Repeat only the lines below from the one that contains "3、在业务办理中就可以看到社会保险服务,大家可以根据自己的需求选择。" through the final line, exactly. Omit pictures.

(MATERIALS PROVIDED begins)

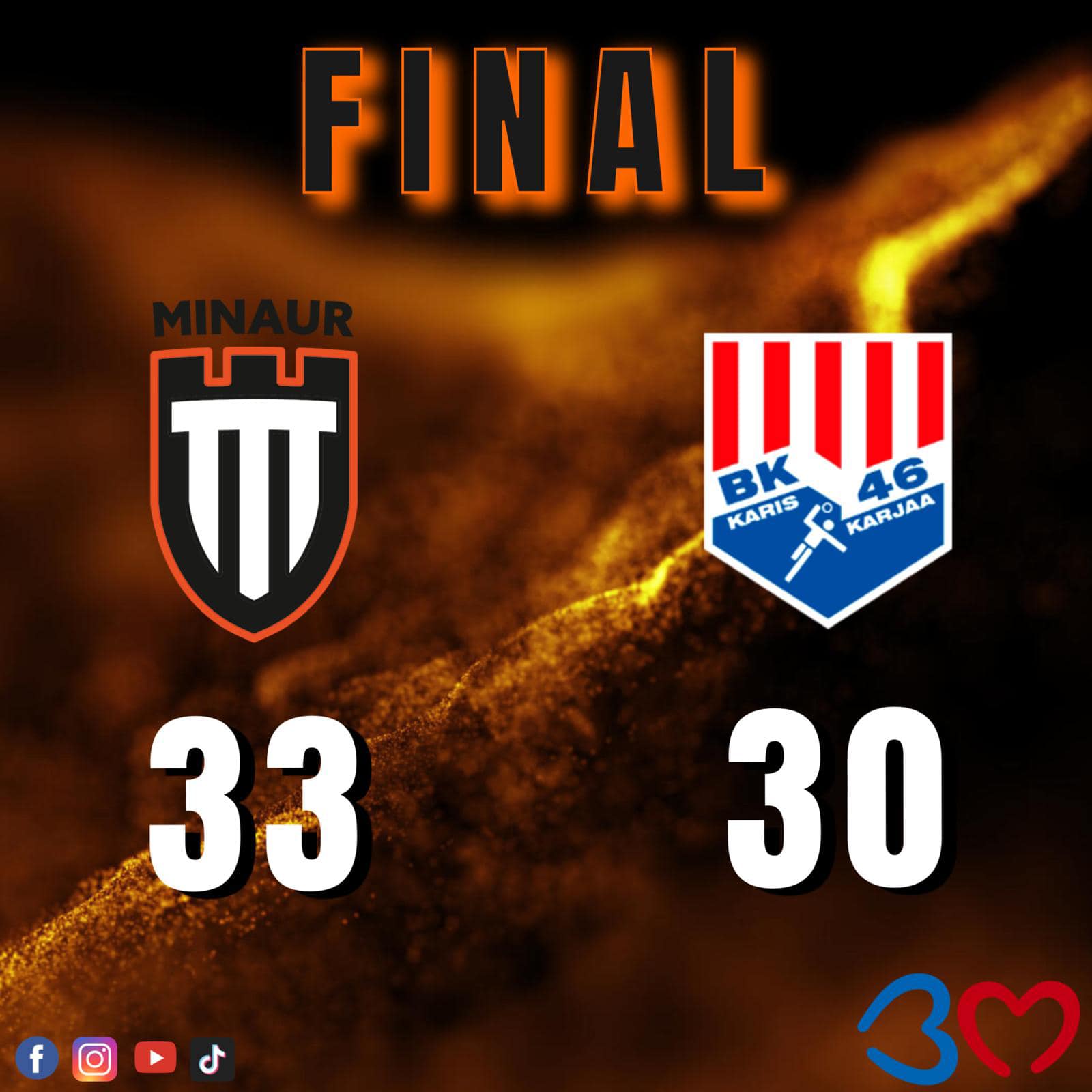 Minaur punctează prima și în partea a doua, apoi se înscrie de ambele părți și e 17-22 (min. 35), 17-23 (36). Minaur nu cedează și înscrie trei goluri consecutiv: 20-23 (38). Imediat a venit replica nordicilor, care izbutesc și ei o triplă: 20-26 (41). Din nou time-out și se simte: 25-27 (46), Sabou luând decizia să joace în mai multe rânduri fără portar și un jucător în plus pe teren. În min. 48 se face 26-27 și antrenorul gazdelor cere timp de odihnă. Avem șansa de a egala și o facem din aruncare de la 7m: 27-27. Ținem aproape și e 29 egal cu șapte minute înaintea ultimului fluier. Gazdele ratează primul și singurul lor 7m din acest meci, dar înscriu pe contraatac la faza următoare. Cinci minute și e 30-30. Jucăm din nou cu “om în plus” și înscriem prin Burzak, 31-30, ba chiar avem șansa să mergem la două goluri. Gazdele ratează din nou și Minaur înscrie prin Kotrc: 32-30. Ținem de rezultat, iar în ultimul minut cerem și time-out. Mai vine un gol de la Botea și Minaur se impune 33-30. 20 de minute în care am trecut de la minus 6 la plus 3. Speranțe mari de calificare în sferturile de finală. Maxime felicitări!
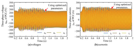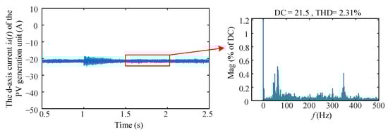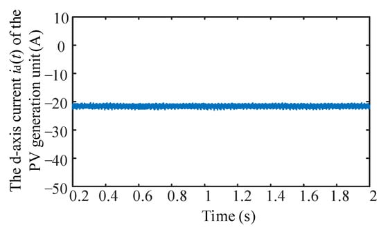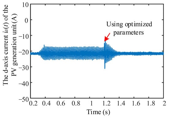 Figure 23 illustrates the d-axis current id(t) of the PV generation unit before and after optimizing the parameters. From the graph, it can be seen that in 0.3~1.2 s, the id(t) oscillates under the initial parameters. After 1.2 s, by optimizing kp4 and kp2, the id(t) is maintained at around −21.5 A (the negative sign represents the actual direction of the current being opposite to the reference direction), which meets the corresponding value of the power outer loop control.
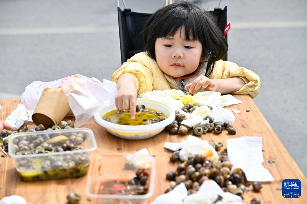 3月21日,小朋友在淮安市洪泽区蒋坝镇螺蛳美食旅游季市集上品尝螺蛳。
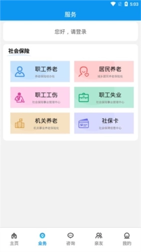 3、在业务办理中就可以看到社会保险服务,大家可以根据自己的需求选择。
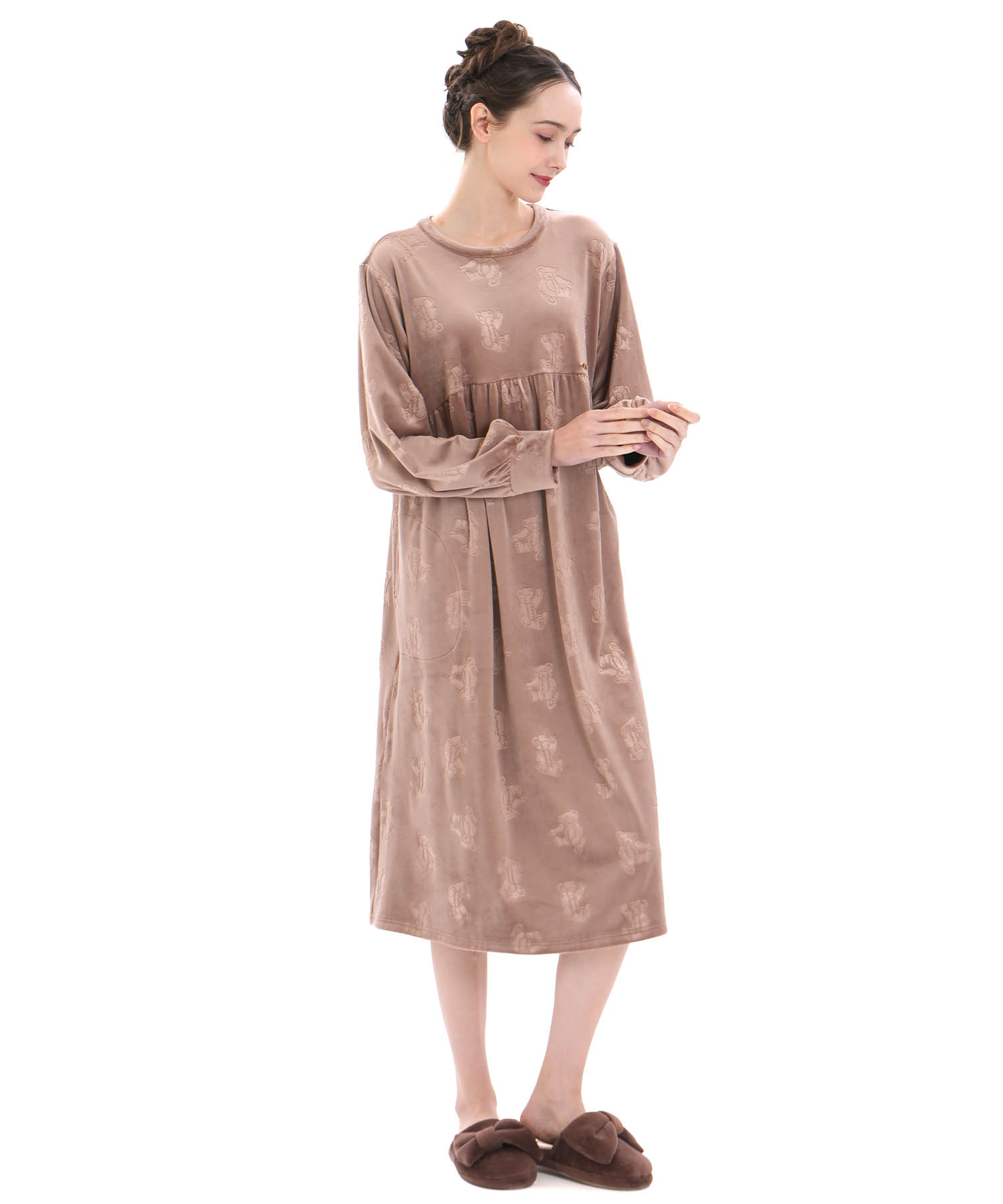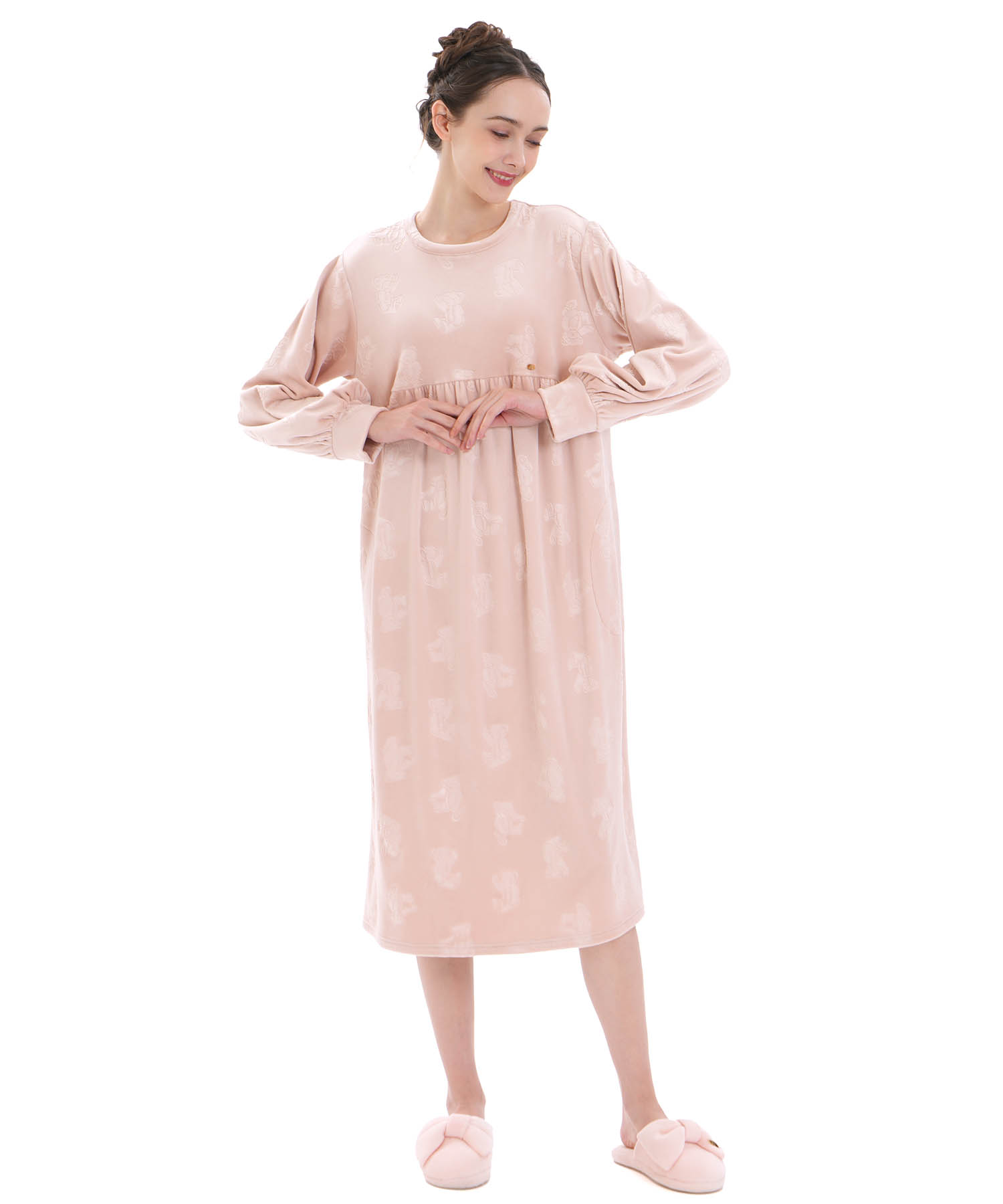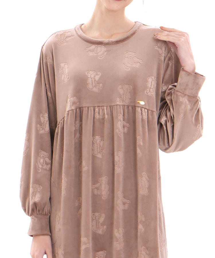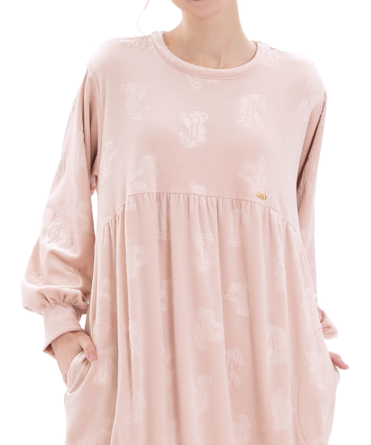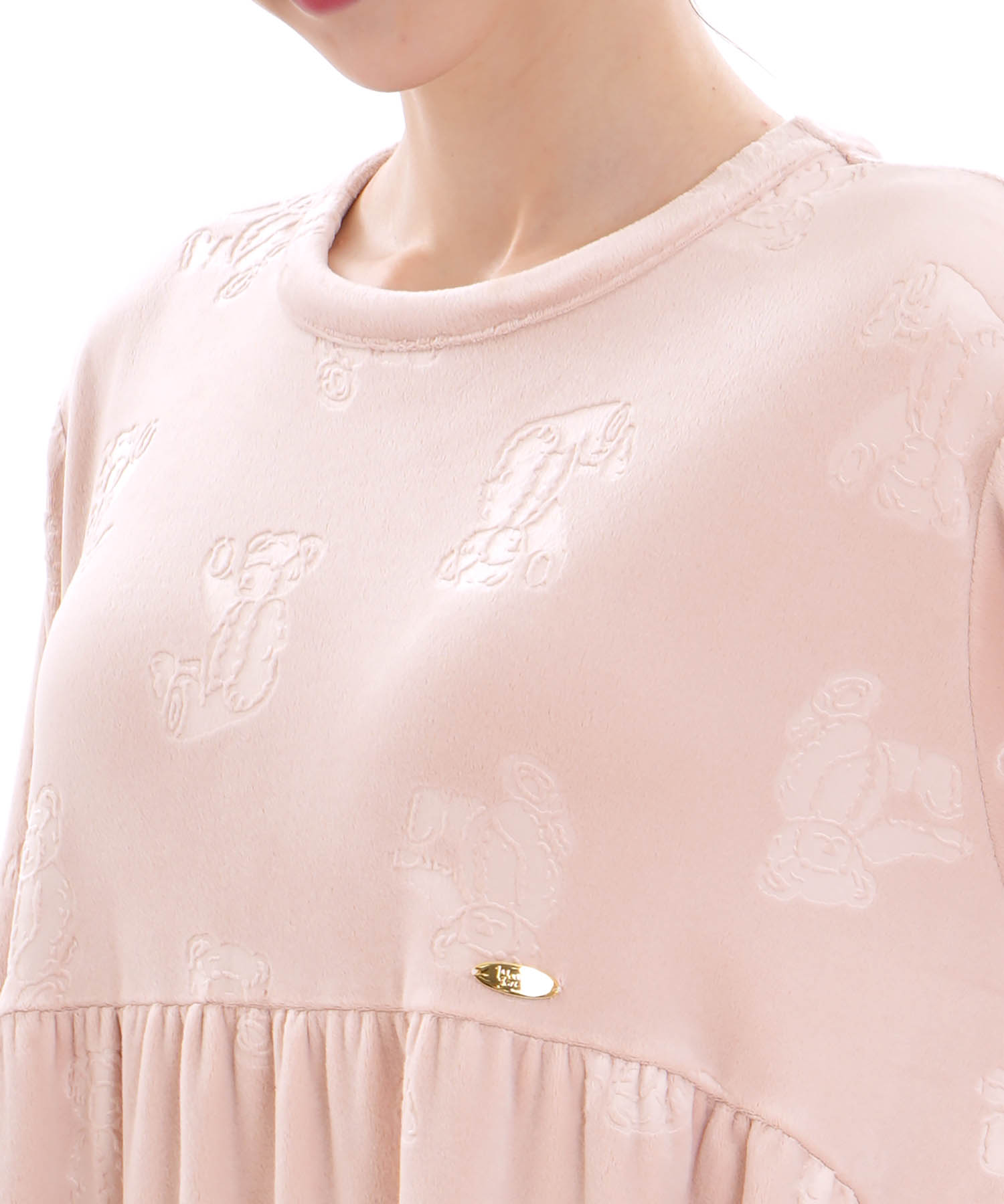 胸元の切り替えでギャザーをたっぷりと寄せ、カラダのラインを拾わないゆったりとしたシルエットに。

(MATERIALS PROVIDED ends)

SOLVED EXERCISE:
 3、在业务办理中就可以看到社会保险服务,大家可以根据自己的需求选择。
 胸元の切り替えでギャザーをたっぷりと寄せ、カラダのラインを拾わないゆったりとしたシルエットに。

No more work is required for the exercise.